Starting Your Own Group

The OC Foundation Web site also contains information for forming your own group. Some reasons you might want to do this include a lack of support groups in your area, or problems with scheduling or venue. (As mentioned previously, many groups meet in hospitals — not ideal if you have contamination phobias. Then again, with sufficient motivation, you might be moved to try to set your worries aside for an hour every month or week, depending on how often the group meets.)

On Your Own

If you decide that you would like to look into creating your own in-person support group for people who have OCD or for their families (or both), you will need to decide whether you would like a therapist (or perhaps two alternating therapists) to facilitate your meetings, and whether you would like to employ a formal structure, such as a lecture each week, followed by a meeting.


A few of the more fun Web sites that deal with OCD (at least in part) include, about the TV program Monk (choose “community,” then “bulletin board” from the menu) and, a blog that sometimes includes entries (often very amusing ones) about the writer's OCD.

If you would like to engage a facilitator, of course, you will have to find one. Going online, asking your current therapist for recommendations, or looking in your local phone book may be more or less the only ways to go. And they may be quite successful — many such groups already exist.
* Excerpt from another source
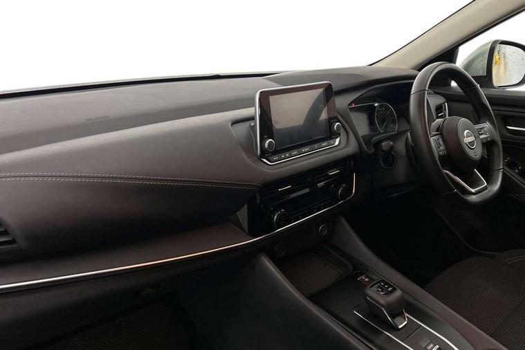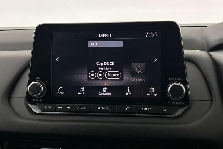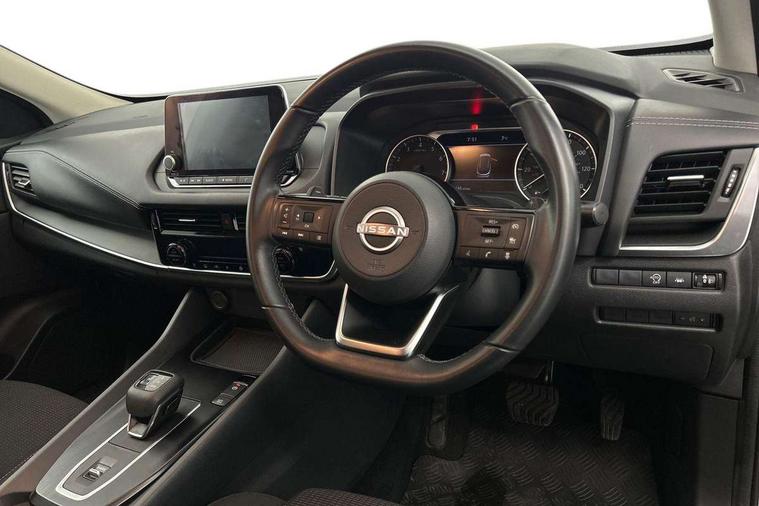 7" High definition full colour TFT screen combimeter, Android auto/Apple CarPlay (Wired), Blind spot warning, Drive modes (sport, normal, eco), Electric speed sensitive power steering, Emergency and breakdown call, Idle stop/start system, Intelligent Cruise control (ICC), Intelligent driver alert system, Intelligent forward collision warning, Intelligent lane intervention, Lane departure prevention, Lane departure warning system, Maximum speed limiter, Nissan connect 8" touchscreen infotainment system, Push button starter, Rear cross traffic alert, Rear parking sensors, Rear view camera, Traffic sign recognition with legal speed adjustment, Trip computer, 6 speakers, AM/FM audio system with DAB, Bluetooth audio streaming, Front USB connections (Type-A and Type-C), 3rd brake light, Auto dimming rear view mirror, Auto rear wiper when reversing, Automatic hazard signal with emergency stop signal, Body colour mirror caps, Body coloured door handles, Bodyside mouldings, Chrome side window finisher, Door handle with button, Electric auto folding door mirrors, Electrically adjustable and heated door mirrors with LED turn indicator, Follow me home headlights, High beam assist, Intelligent auto headlights, LED daytime running lights, LED Headlights, LED rear lights, One touch front and rear electric windows with remote opening and closing, Partially body coloured bumpers, Rear reversing light (bulb lighting), Rear roof spoiler, Rear side wing doors, Shark fin antenna, Splash free rain sensing wipers, Three blink turn signal, 12v power socket in dashboard and luggage, 2x Rear coat hooks, 3 bench rear seats in 2nd row, 3 rear headrests, 4 folding assist grip, 6-way manually adjustable driver's seat, 60/40 split folding rear seat bench, Centre console storage tray, Chrome interior door handles, Cloth monoform upholstery, Driver and front passenger sunvisors with illuminated vanity mirrors, Driver seat back pocket, Dual zone automatic climate control with pollen filter, Electrically adjustable lumbar support for driver, Front and rear door storage, Front centre console and armrest, Front cupholders x 2, Front door with bottle holders, Glovebox with light, Hard trunk cover, Height adjustable driver's seat, Height adjustable front headrests, Height adjustable passenger seat, Leather steering wheel, Luggage space lighting, Manually adjustable passenger (slide recline + lifter), Multifunction steering wheel, Passenger seat back pocket, Rear armrest with 2 cupholders, Rear door bottle holders, Single front passenger seat, Steering wheel gearshift paddles, Steering wheel switches, Sunglasses holder, Tilt/telescopic adjustable steering wheel, Two rear isofix child seat anchorage points with top tether, 3x3 point rear seatbelt pretensioners + load limiters, ABS with EBD and brake assist, Active brake limited slip, Auto hold function, Child locks on rear doors, Curtain and front side, far side airbags, Driver and passenger airbags, Driver, passenger and 2nd row rear seat belt reminder, Electronic parking brake, Front seatbelt pretensioners + load limiters, Height adjustable front seatbelts, Hill start assist, Intelligent blind spot intervention, Intelligent front emergency braking with pedestrian, cyclist recognition and junction assist, Intelligent rear automatic braking, Tyre pressure monitoring system, Vehicle dynamic control, Capless fuel filler, Engine immobiliser, Intelligent Key, Remote central door locking with deadlocking, Thatcham Cat.1 alarm, Interior instrumental panel A finisher, 17" alloy wheels, Tyre puncture repair kit,

Finding a therapist, or therapists, who will agree to facilitate an OCD support group on a regular basis may be difficult (but it is not impossible): Most people today have a lot less free time than they would like. You might suggest, as did one successful support-group founder who reported on the OC Foundation's Web site, that facilitating a group might be good for business: The therapist will be surrounded by potential patients. She will also have a chance to learn a lot more about OCD firsthand.

Once you have this part of the puzzle in place, your next step will be to let people know about it. Therapists you've contacted might be willing to tack small notices about your group to their office bulletin boards. If you want to have information cards printed, you can offer those.

Other venues include your local chapter of the OC Foundation and classified ads.

If you think creatively, you can probably come up with still more ways to publicize your group. Oh, and remember this old rule: Whenever you're looking for an apartment, a job, or a relationship, tell everyone you know. Apply it to your proposed group and see if that doesn't bring the results you're looking for.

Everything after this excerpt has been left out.